— WHAT YOU HAVE TO DO —
Your output should consist solely of the lines from the one holding "개인정보 보안이 취약한" to the end of the records below, inclusive, reproduced exactly and free of pictures.

— DATA EXCERPTS —
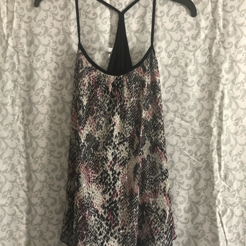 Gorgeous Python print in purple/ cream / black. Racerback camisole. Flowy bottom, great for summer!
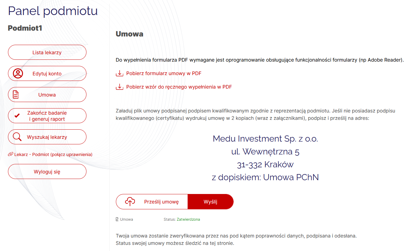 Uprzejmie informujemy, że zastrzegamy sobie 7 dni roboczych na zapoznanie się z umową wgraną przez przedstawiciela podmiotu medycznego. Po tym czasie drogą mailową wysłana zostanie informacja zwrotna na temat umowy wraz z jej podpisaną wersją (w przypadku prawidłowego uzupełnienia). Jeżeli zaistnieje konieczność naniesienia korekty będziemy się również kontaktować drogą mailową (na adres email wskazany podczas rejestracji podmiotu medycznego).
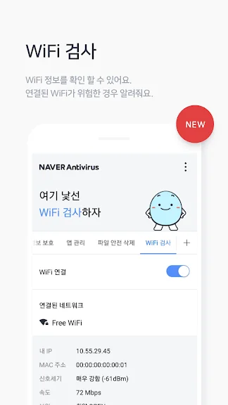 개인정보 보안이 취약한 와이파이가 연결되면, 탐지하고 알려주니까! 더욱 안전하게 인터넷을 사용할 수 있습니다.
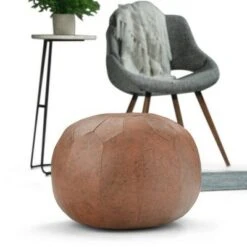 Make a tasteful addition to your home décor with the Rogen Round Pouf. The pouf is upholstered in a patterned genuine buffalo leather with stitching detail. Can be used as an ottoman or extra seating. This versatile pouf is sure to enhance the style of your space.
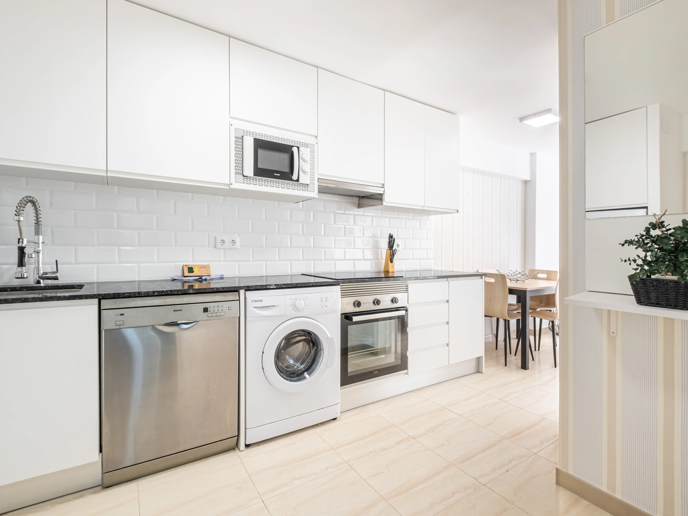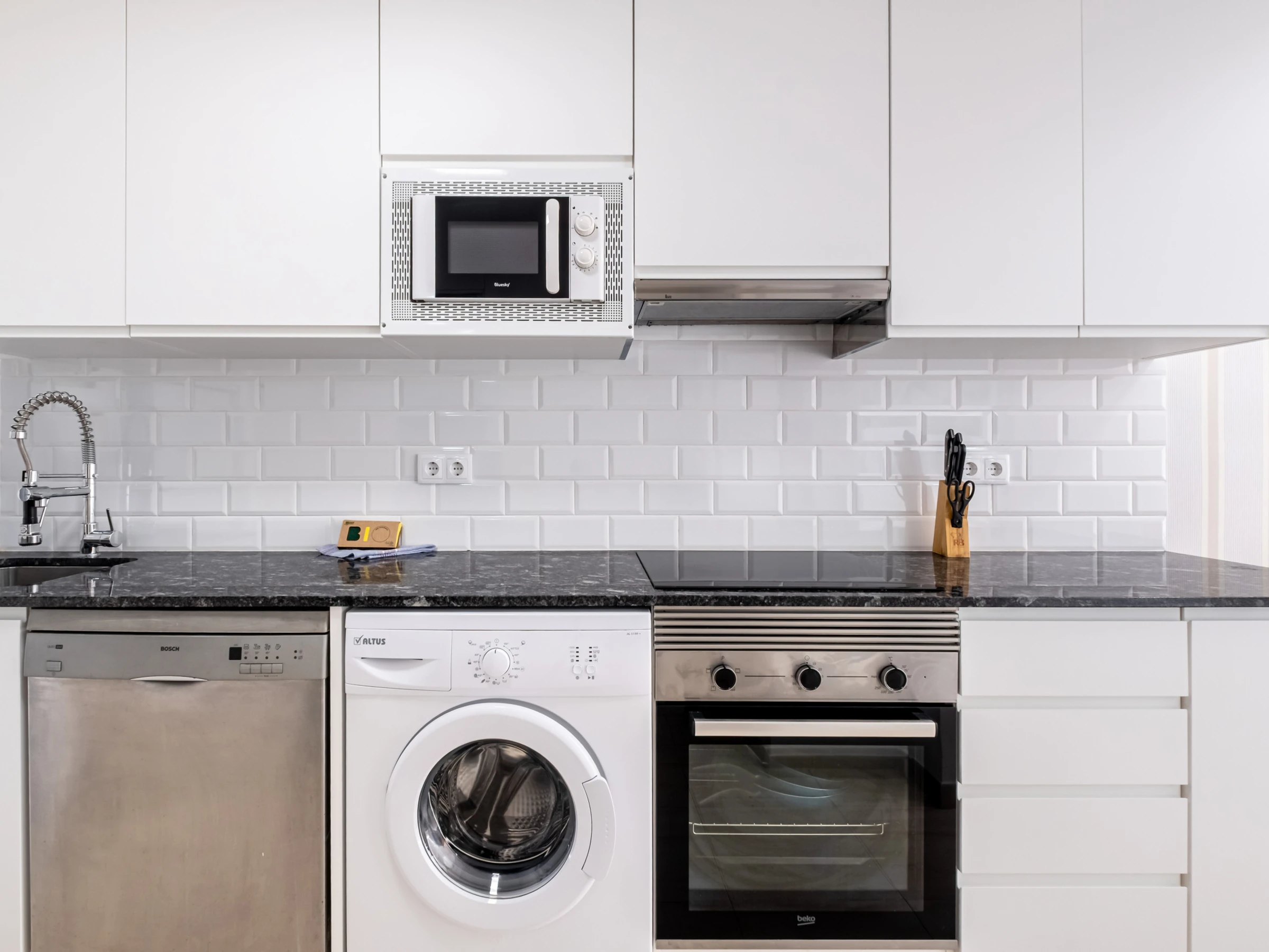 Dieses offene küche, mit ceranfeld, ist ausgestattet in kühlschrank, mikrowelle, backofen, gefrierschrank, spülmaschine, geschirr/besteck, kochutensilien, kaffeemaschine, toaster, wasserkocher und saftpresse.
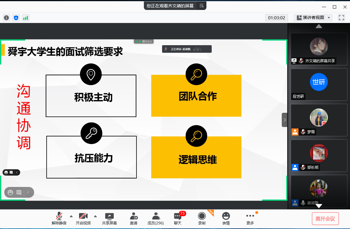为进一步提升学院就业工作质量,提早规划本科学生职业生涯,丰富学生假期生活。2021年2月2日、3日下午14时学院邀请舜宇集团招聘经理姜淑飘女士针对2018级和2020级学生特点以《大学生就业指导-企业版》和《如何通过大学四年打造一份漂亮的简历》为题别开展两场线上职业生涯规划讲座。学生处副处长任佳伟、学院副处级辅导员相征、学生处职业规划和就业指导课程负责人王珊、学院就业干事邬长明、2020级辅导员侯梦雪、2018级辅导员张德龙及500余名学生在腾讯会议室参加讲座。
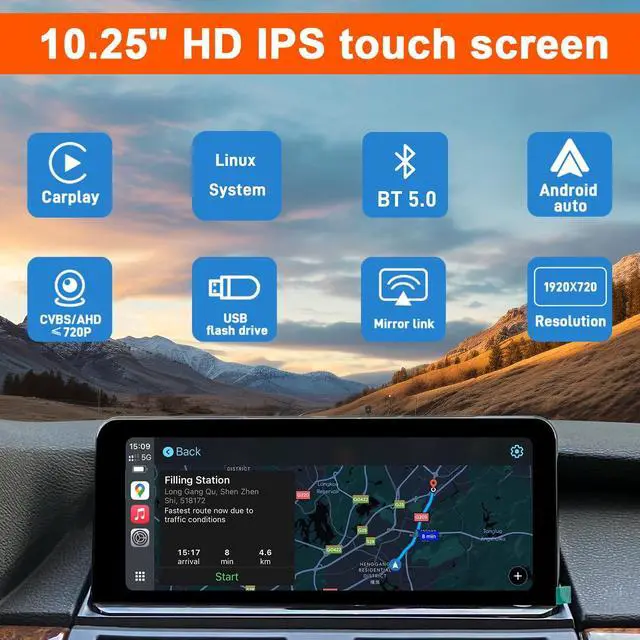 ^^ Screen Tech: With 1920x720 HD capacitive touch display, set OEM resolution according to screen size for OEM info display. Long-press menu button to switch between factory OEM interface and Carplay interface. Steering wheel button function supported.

— SOLUTION —
 개인정보 보안이 취약한 와이파이가 연결되면, 탐지하고 알려주니까! 더욱 안전하게 인터넷을 사용할 수 있습니다.
 Make a tasteful addition to your home décor with the Rogen Round Pouf. The pouf is upholstered in a patterned genuine buffalo leather with stitching detail. Can be used as an ottoman or extra seating. This versatile pouf is sure to enhance the style of your space.
 Dieses offene küche, mit ceranfeld, ist ausgestattet in kühlschrank, mikrowelle, backofen, gefrierschrank, spülmaschine, geschirr/besteck, kochutensilien, kaffeemaschine, toaster, wasserkocher und saftpresse.
为进一步提升学院就业工作质量,提早规划本科学生职业生涯,丰富学生假期生活。2021年2月2日、3日下午14时学院邀请舜宇集团招聘经理姜淑飘女士针对2018级和2020级学生特点以《大学生就业指导-企业版》和《如何通过大学四年打造一份漂亮的简历》为题别开展两场线上职业生涯规划讲座。学生处副处长任佳伟、学院副处级辅导员相征、学生处职业规划和就业指导课程负责人王珊、学院就业干事邬长明、2020级辅导员侯梦雪、2018级辅导员张德龙及500余名学生在腾讯会议室参加讲座。
 ^^ Screen Tech: With 1920x720 HD capacitive touch display, set OEM resolution according to screen size for OEM info display. Long-press menu button to switch between factory OEM interface and Carplay interface. Steering wheel button function supported.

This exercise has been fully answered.